New tool alert: geoparquet-io is both a stand-alone CLI1 tool and a Python library for reading, transforming, and writing GeoParquet files. Remember, GeoParquet is a cloud-native2 geodata format (basically, the geo-flavour of the Parquet3 format).
geoparquet-io is open-source, carries the Apache 2.0 license and its version 1.0 is currently in beta. It can be installed using pipx and pip, respectively, or using uv.
With geoparquet-io, you can convert other formats to GeoParquet, inspect and optimize existing GeoParquet files, add a spatial index, partition large files using several partition strategies, and more. The tool also supports building pipelines of operations in Python or piping intermediate results through a workflow via Unix pipes in the CLI. The website features performance tips and best practices. If you use geoparquet-io for conversion to GeoParquet, these are applied automatically.

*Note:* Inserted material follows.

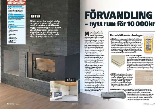 BRASKAMINEN har klätts med natursten - svart skiffer som håller värmen och - bryter av mot de stora, vita ytorna i rummet. Stenarna har skarvats i långa ”remsor” som sätts upp med kakelfix på braskaminen. När stenarna har satts upp är braskaminen klar, eftersom det inte ska fogas mellan den här typen av plattor. Naturstenen var det dyraste materialet under renoveringen.
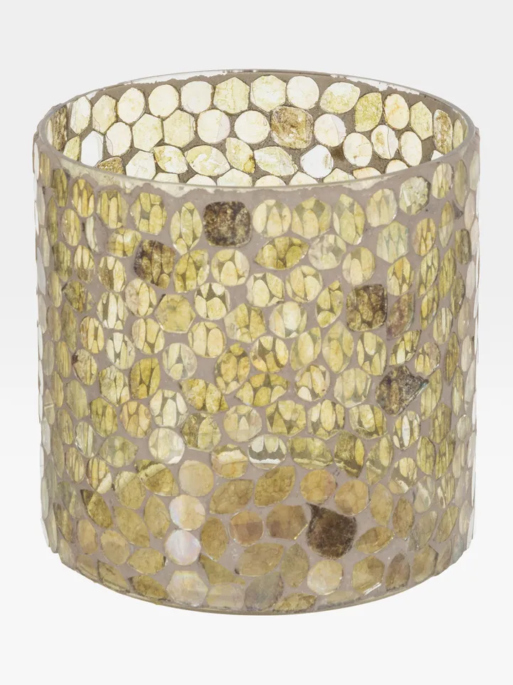 Transform your space with our handcrafted brown mosaic glass tea light holder, a stunning blend of artistry and elegance. Each piece is meticulously created with intricately arranged glass tiles, reflecting light in a soft, luminous glow. The delicate mosaic design adds a touch of sophistication, making it a cosy accent for your living room.

The extract tool looks particularly interesting: It can be used to directly extract geodata from, for example, a WFS4, Esri ArcGIS Feature Services, or BigQuery5 tables and write it to GeoParquet.
Footnotes
Command-line interface.↩︎
I.e., taking full advantage of the cloud computing model; in the data world typically through enabling partial downloads of file contents through so-called HTTP range requests.↩︎
An open-source, columnar storage file format designed for efficient data processing.↩︎
Web Feature Service, an OGC standard interface for querying and retrieving vector geodata over the web.↩︎
Google’s data warehouse (DWH) Platform-as-a-Service offering.↩︎